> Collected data
┄┄┄┄┄┄┄┄┄┄

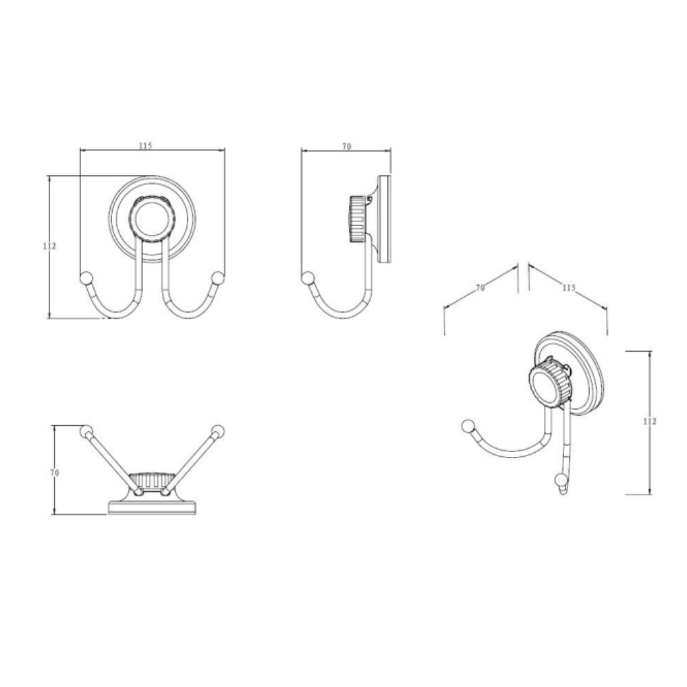 Crochet de salle de bain double doté d'un système de ventouse sans vis, chrome (ECO22)
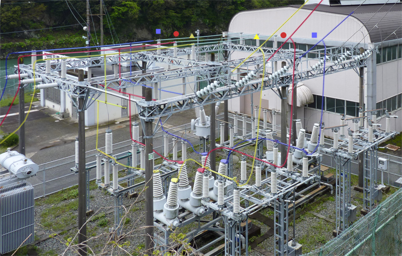 同行して下さったSさんの解説によると、これら三相交流のうち上相を示す記号が赤で●、中相が白の▲、下相が黒また青の■とのことです。
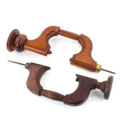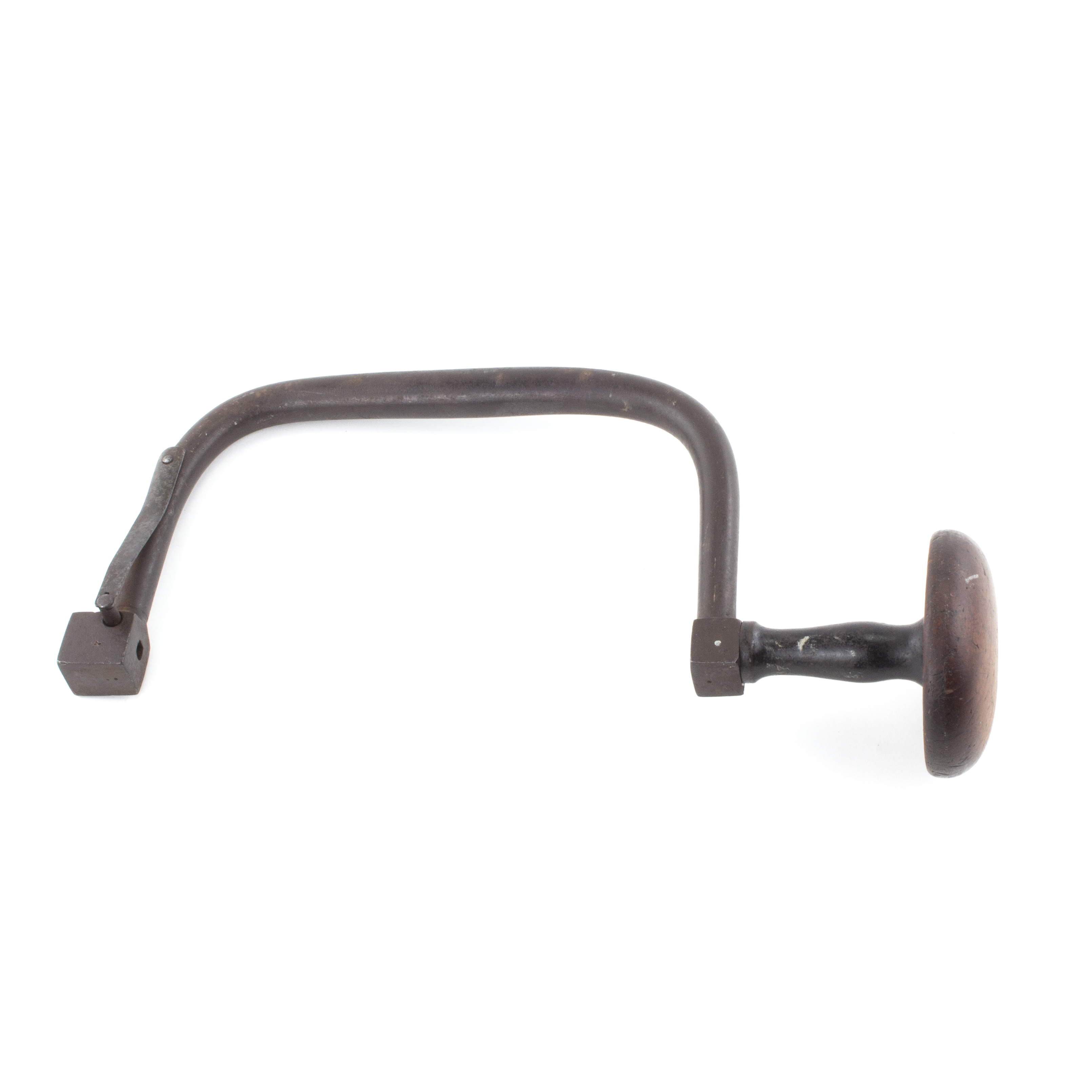B67-99 IRON BRACE. J. Winkelhouse Patent. Patented September 21, 1869, #95,060, and has an A ranking in Pearson. Unmarked but looks just like the patent drawing with spring loaded chuck. 10" sweep, metal is oxidized but no rust or pitting, wooden head with tall cast iron base. Uncommon. From the collection of Jim and Christa Schoenky. Good 150-300
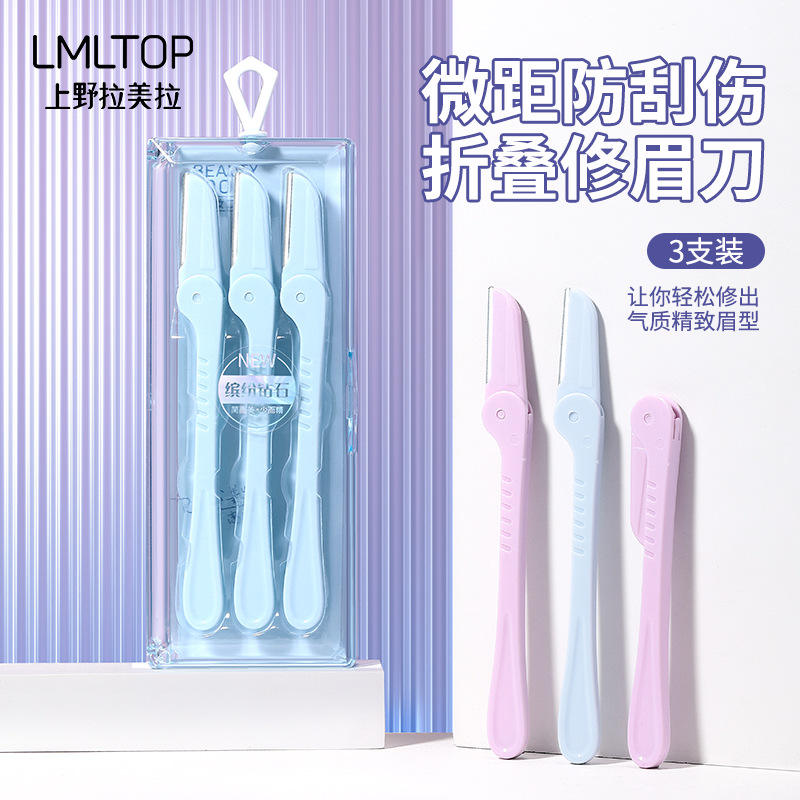 Lmltop Folding Eyebrow Razor 3-Pack Compact With Protective Net Boxed Version Sy341
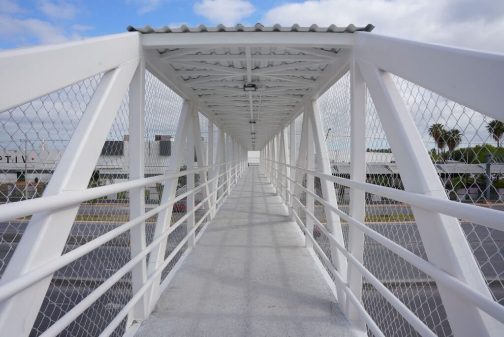 Este puente incluyó la instalación de columnas principales para soporte del piso, armazón metálico para el túnel, postes para elevar la altura de cables, lámina acanalada y losacero, además de pintura de esmalte, barandal metálico, malla de protección, guarniciones, banquetas y sistema de alumbrado.
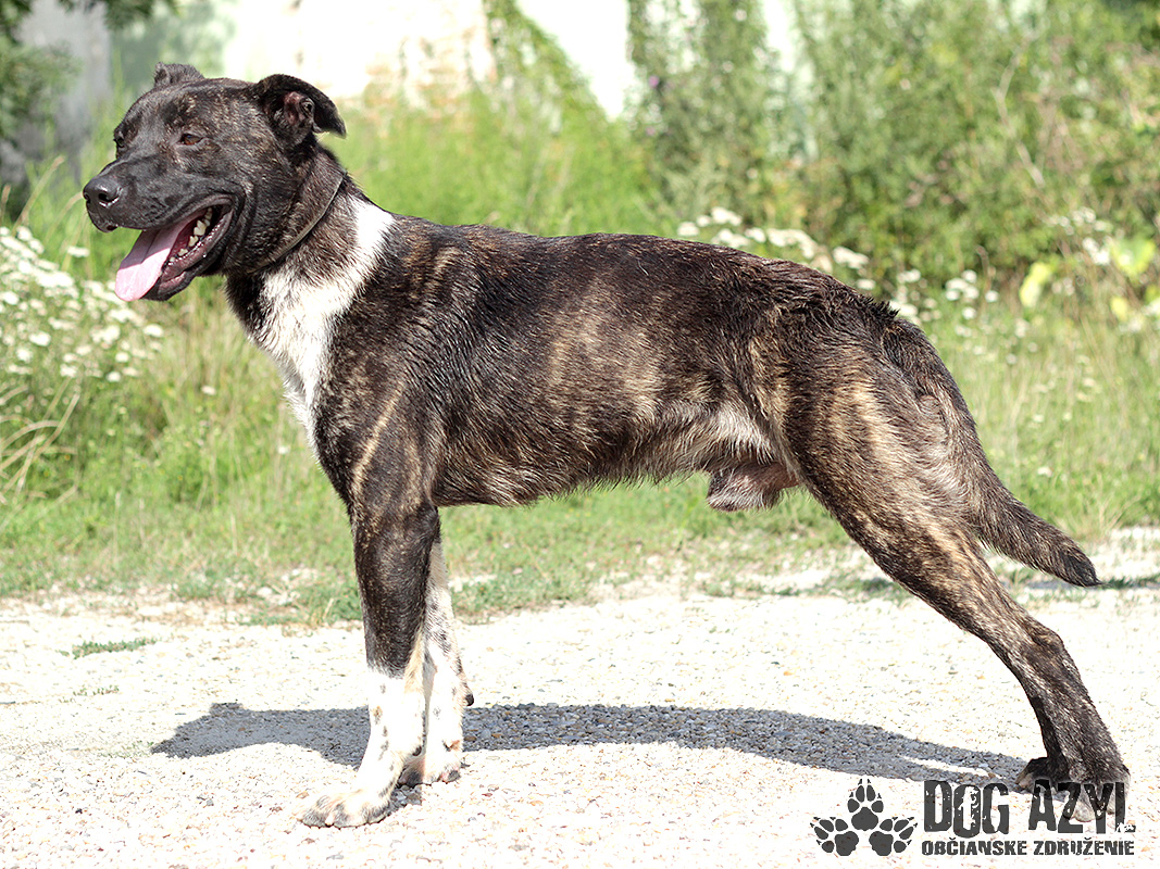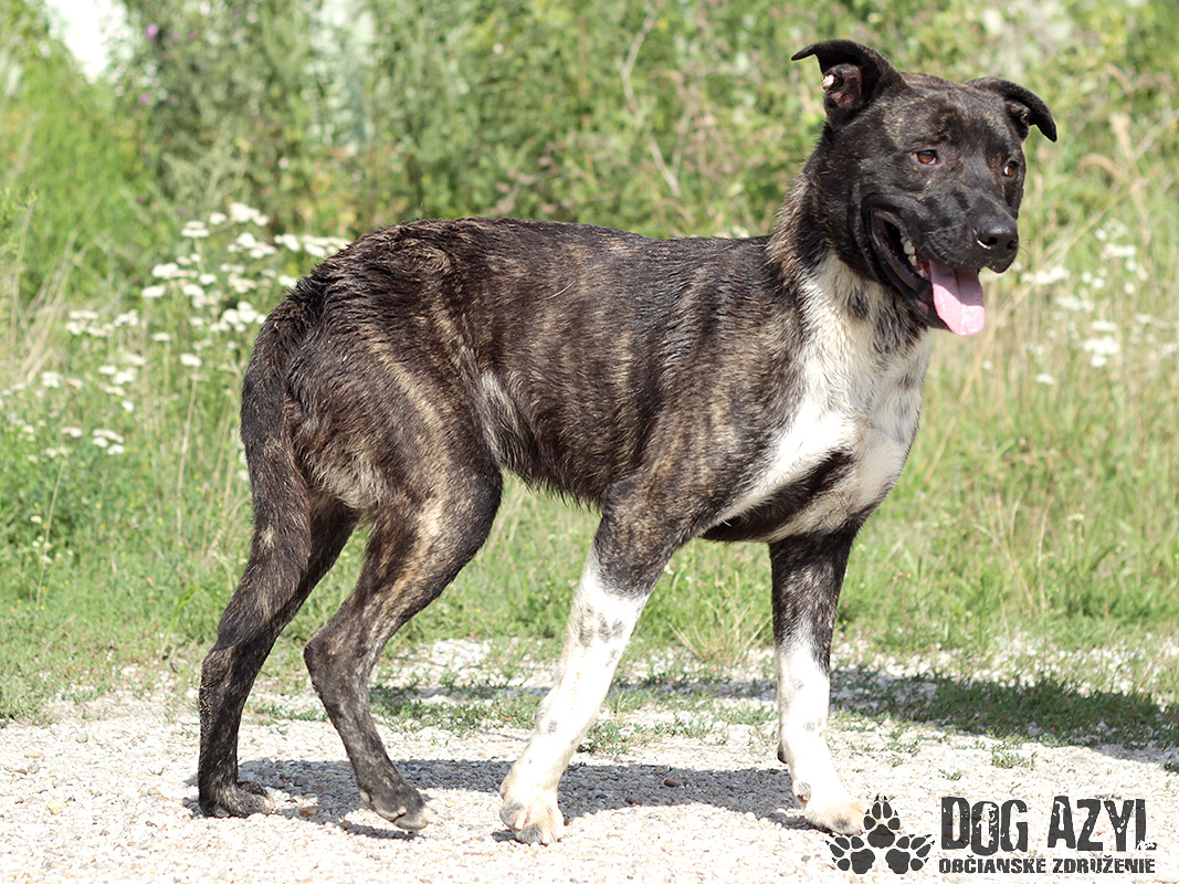 Titus, narodený cca september 2015, je úchvatný mládenec, ktorý sa našiel v obci Horné Mýto. Titus je pravdepodobne ďalšou obeťou zanedbanej a nezvládnutej výchovy :( Je v puberte, a tak bolo asi jednoduchšie zbaviť sa ho, ako ho začať učiť a usmerňovať :( Titus pritom nie je vôbec problémový pes, ani žiaden čertík, je to jednoducho mladý, nevybúrený a milo drzý kríženček bulíka. Lásky a energie má na rozdávanie, pre svojho milovaného človeka znesie aj modré z neba, a za pamlsok aj poslúcha :) Titus si hľadá skúsenejšiu rodinu, ktorej jeho energia a temperament nebude na obtiaž, ale bude výzvou a radosťou :) Vodítko ovláda bez problémov, prechádzky sa mu veľmi páčia. Zo začiatku sa síce trocha ponáhľa, ale nie je to nič nezvládnuteľné. Titus je veľmi priateľský, kontaktný a láskyplný kamarát, z ktorého pri dôslednej výchove bude zaručene oddaný spoločník. Spoločnosť feniek mu neprekáža, psíkov odporúčame vyskúšať individuálne. Ideálne by sa mu bývalo pri rodinnom dome, ale výhradne s celoročným prístupom k svojej rodine. Treba sa mu ozaj dosť venovať. Je vhodný aj do bytu, ale je dosť náročný na pohyb, tak mu bude treba dopriať dostatok intenzívnych prechádzok. Na svoju druhú šancu čaká od júla 2015.

┄┄┄┄┄┄┄┄┄┄

> About this task
Set down word for word the lines from the first entry through the line with "同行して下さったSさんの解説", both included, omitting pictures.

> Output for this task
 Crochet de salle de bain double doté d'un système de ventouse sans vis, chrome (ECO22)
 同行して下さったSさんの解説によると、これら三相交流のうち上相を示す記号が赤で●、中相が白の▲、下相が黒また青の■とのことです。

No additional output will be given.